Exercise:
From the line containing "A late George" down to the line containing "Πλάνα από ένα", copy out the entries below exactly, both lines included, and nothing else; pictures do not belong in the copy.

[[ Data for this task open ]]

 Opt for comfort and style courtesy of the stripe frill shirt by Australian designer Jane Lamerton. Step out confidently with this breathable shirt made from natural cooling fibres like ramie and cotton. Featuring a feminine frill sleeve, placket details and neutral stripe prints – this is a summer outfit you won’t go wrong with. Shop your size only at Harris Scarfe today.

[[ Data for this task closed ]]
[[ Data for this task open ]]

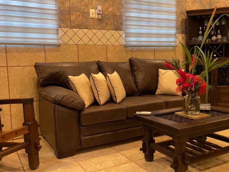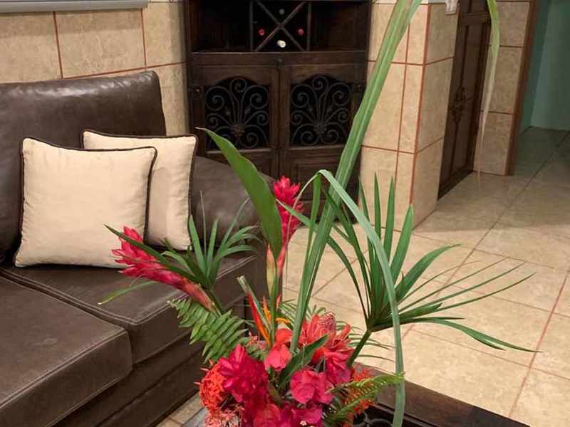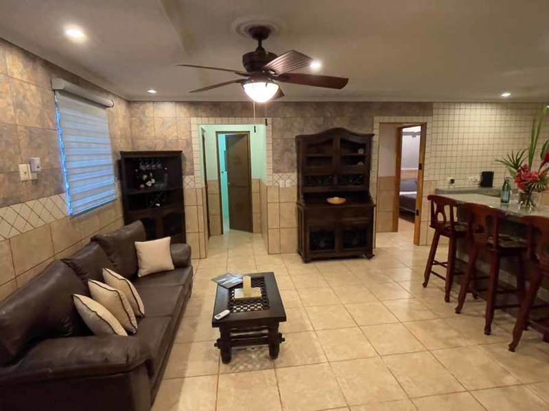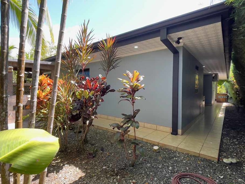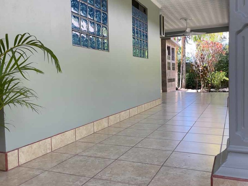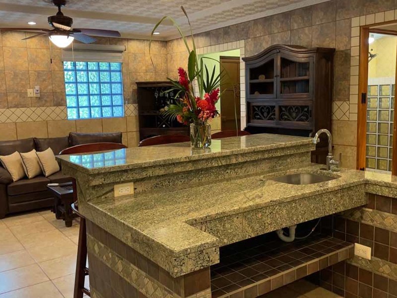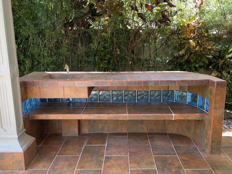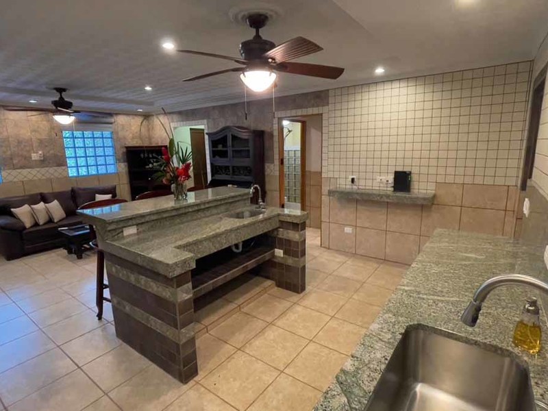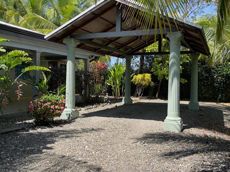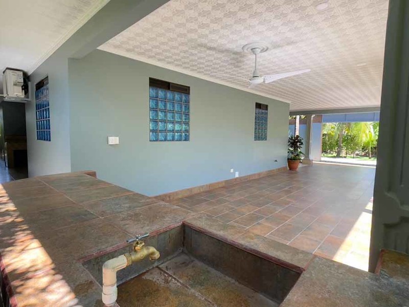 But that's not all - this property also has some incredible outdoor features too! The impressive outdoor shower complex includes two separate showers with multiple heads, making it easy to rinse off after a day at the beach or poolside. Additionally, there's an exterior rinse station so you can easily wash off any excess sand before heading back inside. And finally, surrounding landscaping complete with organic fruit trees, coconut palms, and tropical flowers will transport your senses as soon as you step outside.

[[ Data for this task closed ]]
[[ Data for this task open ]]

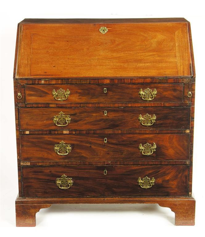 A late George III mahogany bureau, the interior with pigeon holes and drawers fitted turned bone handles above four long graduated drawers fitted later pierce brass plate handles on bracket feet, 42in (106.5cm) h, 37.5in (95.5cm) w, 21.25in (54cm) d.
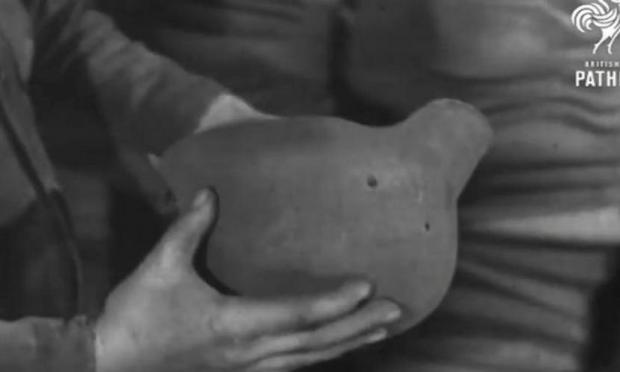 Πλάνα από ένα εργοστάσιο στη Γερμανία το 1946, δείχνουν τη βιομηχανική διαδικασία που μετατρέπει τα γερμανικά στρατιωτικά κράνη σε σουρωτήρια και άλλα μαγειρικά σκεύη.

[[ Data for this task closed ]]

Your solution:
 A late George III mahogany bureau, the interior with pigeon holes and drawers fitted turned bone handles above four long graduated drawers fitted later pierce brass plate handles on bracket feet, 42in (106.5cm) h, 37.5in (95.5cm) w, 21.25in (54cm) d.
 Πλάνα από ένα εργοστάσιο στη Γερμανία το 1946, δείχνουν τη βιομηχανική διαδικασία που μετατρέπει τα γερμανικά στρατιωτικά κράνη σε σουρωτήρια και άλλα μαγειρικά σκεύη.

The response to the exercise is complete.